For production systems, combine all these patterns:

 1
 2
 3
 4
 5
 6
 7
 8
 9
10
11
12
13
14
15
16
17
18
19
20
21
22
23
24
25
26
27
28
29
30
31
32
33
34
35
36
37
38
39
40
41
42
43
44
45
46
47
48
49
def resilient_request(
    url: str,
    method: str = "GET",
    max_retries: int = 3,
    circuit_breaker: CircuitBreaker = None,
    idempotency_key: str = None,
    **kwargs
):
    """Production-ready resilient HTTP request."""
    
    headers = kwargs.pop("headers", {})
    if idempotency_key:
        headers["Idempotency-Key"] = idempotency_key
    
    for attempt in range(max_retries + 1):
        try:
            # Check circuit breaker
            if circuit_breaker and circuit_breaker.state == CircuitState.OPEN:
                raise CircuitOpenError("Service unavailable")
            
            # Make request
            response = requests.request(
                method, url, headers=headers, **kwargs
            )
            
            # Handle rate limiting
            if response.status_code == 429:
                retry_after = int(response.headers.get("Retry-After", 1))
                time.sleep(retry_after)
                continue
            
            # Success
            if circuit_breaker:
                circuit_breaker._on_success()
            
            return response
            
        except requests.RequestException as e:
            if circuit_breaker:
                circuit_breaker._on_failure()
            
            if attempt == max_retries:
                raise
            
            # Exponential backoff with jitter
            delay = min(60, (2 ** attempt) + random.uniform(0, 1))
            time.sleep(delay)
    
    raise Exception("Request failed")

Conclusion

Retry logic seems simple until you’ve debugged a thundering herd at 3am.

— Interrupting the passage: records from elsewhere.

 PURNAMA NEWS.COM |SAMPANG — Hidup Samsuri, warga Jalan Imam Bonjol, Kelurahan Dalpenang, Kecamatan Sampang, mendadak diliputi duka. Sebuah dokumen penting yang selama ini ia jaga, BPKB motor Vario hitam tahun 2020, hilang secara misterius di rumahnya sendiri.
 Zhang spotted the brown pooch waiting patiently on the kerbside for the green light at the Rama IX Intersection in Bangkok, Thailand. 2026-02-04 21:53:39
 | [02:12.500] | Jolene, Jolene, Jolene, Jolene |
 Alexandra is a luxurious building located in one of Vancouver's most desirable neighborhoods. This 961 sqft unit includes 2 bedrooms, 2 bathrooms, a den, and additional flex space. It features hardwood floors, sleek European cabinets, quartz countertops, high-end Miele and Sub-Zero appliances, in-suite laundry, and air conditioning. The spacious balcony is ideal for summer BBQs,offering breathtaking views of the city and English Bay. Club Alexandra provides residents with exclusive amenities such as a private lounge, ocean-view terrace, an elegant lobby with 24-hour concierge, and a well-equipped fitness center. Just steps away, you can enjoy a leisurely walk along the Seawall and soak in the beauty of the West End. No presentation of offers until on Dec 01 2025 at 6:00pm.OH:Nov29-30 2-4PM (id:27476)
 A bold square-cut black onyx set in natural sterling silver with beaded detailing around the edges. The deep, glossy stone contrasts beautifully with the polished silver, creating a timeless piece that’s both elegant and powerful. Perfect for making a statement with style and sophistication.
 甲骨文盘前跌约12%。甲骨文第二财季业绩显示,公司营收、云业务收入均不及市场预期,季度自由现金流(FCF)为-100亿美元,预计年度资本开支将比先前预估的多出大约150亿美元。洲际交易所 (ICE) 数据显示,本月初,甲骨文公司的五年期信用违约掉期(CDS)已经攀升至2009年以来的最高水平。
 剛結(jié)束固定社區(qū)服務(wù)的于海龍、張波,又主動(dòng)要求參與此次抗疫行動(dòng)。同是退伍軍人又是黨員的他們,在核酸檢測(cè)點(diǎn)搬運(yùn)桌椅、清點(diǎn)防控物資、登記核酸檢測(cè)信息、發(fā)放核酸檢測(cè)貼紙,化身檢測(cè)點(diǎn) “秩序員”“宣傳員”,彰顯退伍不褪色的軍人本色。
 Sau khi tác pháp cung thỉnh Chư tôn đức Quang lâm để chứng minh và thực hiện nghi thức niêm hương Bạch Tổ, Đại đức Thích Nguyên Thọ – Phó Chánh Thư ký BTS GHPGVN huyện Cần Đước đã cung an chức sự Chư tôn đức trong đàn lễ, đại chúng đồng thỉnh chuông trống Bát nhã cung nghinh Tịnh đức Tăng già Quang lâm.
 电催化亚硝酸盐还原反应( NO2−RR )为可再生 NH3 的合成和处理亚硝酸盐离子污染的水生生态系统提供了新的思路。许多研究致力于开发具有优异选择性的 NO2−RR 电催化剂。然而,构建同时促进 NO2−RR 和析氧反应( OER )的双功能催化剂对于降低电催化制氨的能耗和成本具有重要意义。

The patterns covered here—exponential backoff, jitter, retry-after headers, idempotency keys, and circuit breakers—form the foundation of resilient distributed systems.

Remember:

  • Always add jitter to prevent synchronized retries
  • Respect Retry-After headers when provided
  • Use idempotency keys for non-idempotent operations
  • Combine with circuit breakers for prolonged outages
  • Only retry on transient errors (5xx, timeouts, connection errors)

Your system will fail. Make sure it fails gracefully.